This task calls for the lines below starting at the one containing "The Tissue Silk" and ending at the one containing "This application contains", repeated exactly with both ends kept and pictures left out.

(EXTRACTED ENTRIES Opens)

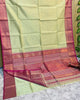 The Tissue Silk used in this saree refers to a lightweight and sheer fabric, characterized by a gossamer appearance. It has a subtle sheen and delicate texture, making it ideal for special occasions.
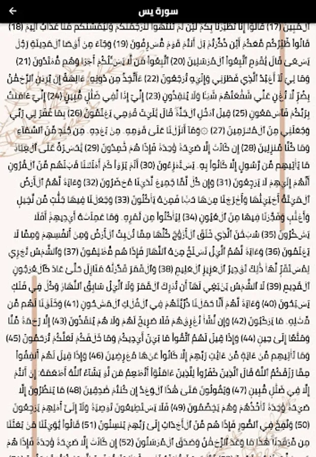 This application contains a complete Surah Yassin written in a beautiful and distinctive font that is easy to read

(EXTRACTED ENTRIES Closes)
(EXTRACTED ENTRIES Opens)

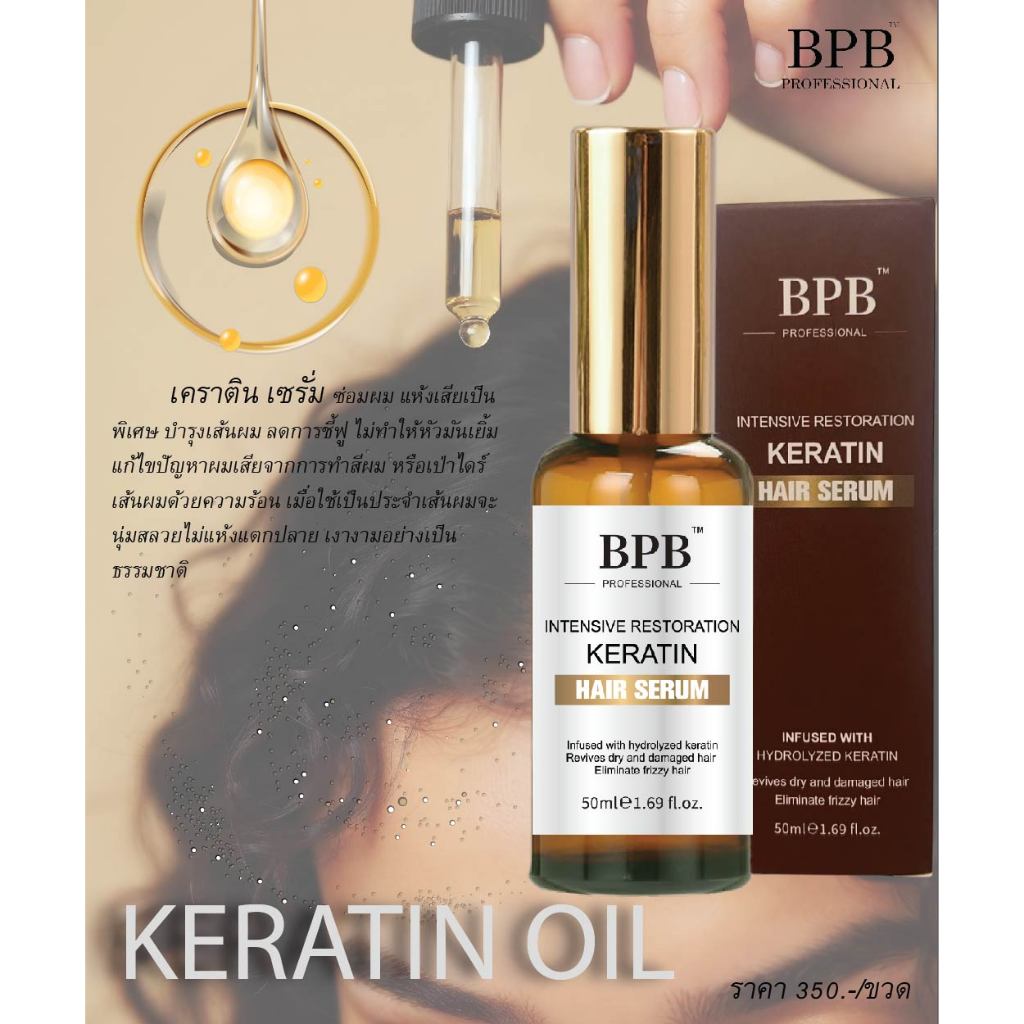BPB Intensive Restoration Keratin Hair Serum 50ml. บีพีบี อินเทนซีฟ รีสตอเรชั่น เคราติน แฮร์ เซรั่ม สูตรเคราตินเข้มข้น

(EXTRACTED ENTRIES Closes)

TASK OUTPUT
 The Tissue Silk used in this saree refers to a lightweight and sheer fabric, characterized by a gossamer appearance. It has a subtle sheen and delicate texture, making it ideal for special occasions.
 This application contains a complete Surah Yassin written in a beautiful and distinctive font that is easy to read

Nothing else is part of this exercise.